If you have many many microservices what is the combined resource usage vs. the monolith? Probably about the same and microservices may use more resources actually if we are talking anything with a runtime like Java.
Migrations in my experience mean migration of data so its about the volume of the data you need to change and not about the code operating against that data. Whether you have your monolith or a bunch of microservices waiting for the conversion job does not matter. It also does not matter whether your monolith or the microservices have to be able to read the data at any given time. With a quick starting microservice you may be able to say "eff it a transaction might fail but the new service will be up quick and the user can redo it" but that's not what you really want in big mission critical workloads. You really want to wait until all transactions on the old nodes finish before shutting them down. So your load balancer will route all traffic to the old nodes until new nodes are up, then shift traffic over and you kill your old nodes when all transactions have finished. Then you deploy those nodes and bring them back in. You have reduced redundancy and less capacity to handle load if we are talking old real iron businesses but in current cloud environments you just start up new instances and literally just kill old nodes after you've let the transactions finish. So you could even deploy during high load times.
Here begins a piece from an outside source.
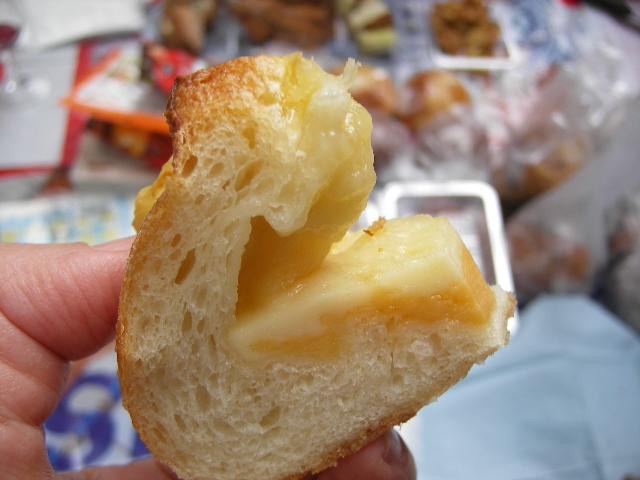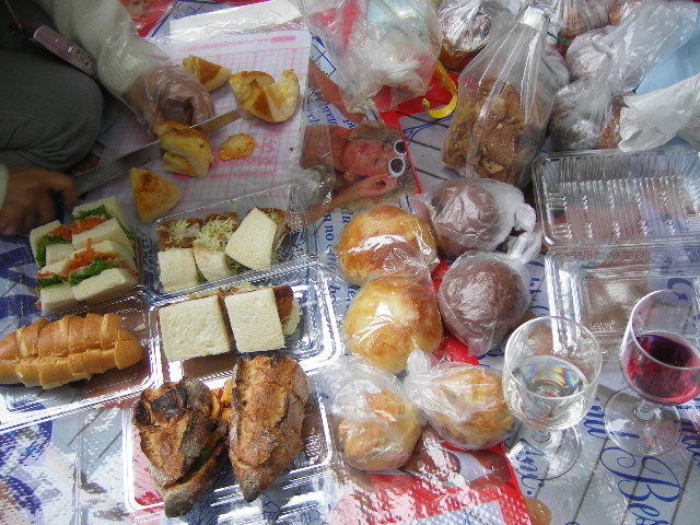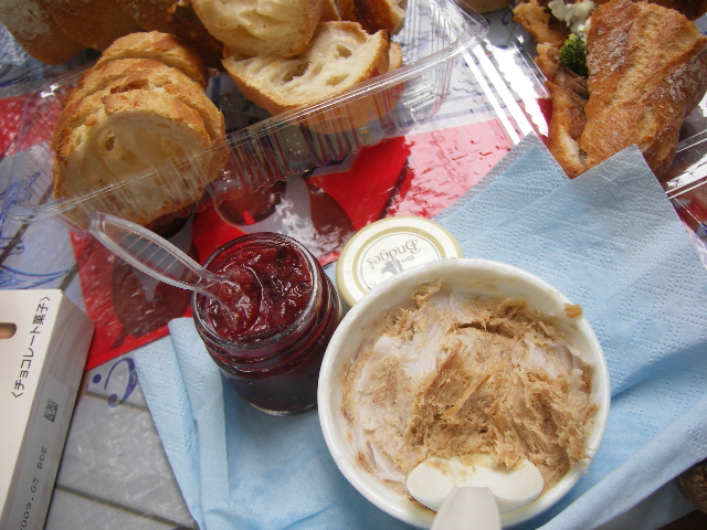 昨年の反省も含め、つまみ(もちろんパン)を持って。 ところが、想定外の混雑!!去年より絶対混んでるよ~っ。祝日だからしかたないか。 受付で700円払うと、ワイングラスをひとつもらい、それに注いでもらって試飲を楽しめる、という催しなんですが、10時50分に公園前で待ち合わせした時にはすでに長蛇の列。 受付自体はうまくはけていて、それでも30分くらいは並んでいたでしょうか。 皆でだべりながら並んでいるとあっという間の時間が過ぎて、無事1杯目をゲットしてから、場所確保。 運のいいことにケッコウいい場所に陣取れました。 用意のいい幹事さんがビニルシートを持ってきてくれたので、そこに皆で持ち寄ったものを並べ、交代でワインを取りに行きます。 手作りプルーンのジャム。 何せ試飲なので、グラスの多くて半分くらいしかついでくれない。(お店に寄って量はまちまち。) どのくらい全部で飲んだのかなあ?30店舗くらいのうち、同じとこにも行ってるから、8軒くらいかなあ? 興味はあったものの、すごく並んでいたのでまあいいか、と。 みんなの持参のパンだのなんだのが多くておなかがいっぱいなのもあって。 でも、アラフォーな人が買いに行ってくれたので、ちゃっかりお相伴に。 これは美味しかったですよ~。 来年も又来たいなあ。混んでても、それはそれ。楽しかったです☆ PR

I'm not talking hours of deployment here. Monolith doesn't mean you have to have all the cruft and startup times that say a jboss server with EJBs. You can have a monolith that starts up in a reasonable amount of time if you make the right choices for how you build your monolith.
Post deployment verification is slower why? If you do this manually why does it matter whether your changed customer flows are spread across 6 microservices that you just deployed new versions of or your monolith?
Also monolith doesn't necessarily mean you only have exactly one service. At my last place we had multiple services for various parts of the overall system but they were all monoliths themselves and shared some code through a library as well. But the services definitely weren't micro and did lots of things that weren't that related in the end. Could've split it up into many microservices.
The same you would use for a micro services setup except their is just one of them? Eg, AWS ECS is very straight forward to get this working for a monolithic setup. In the end you need the same patterns, health checks, load balancer, draining, etc regardless of monolith vs individual micro service.
The way heroku approaches this is by deploying the new version while the old version is running and then within a few minutes switch routing from the old version to the new version, and then shutting down the old version.
You deploy to the other one, do a health check, warm it up and start routing to it.
No downtime.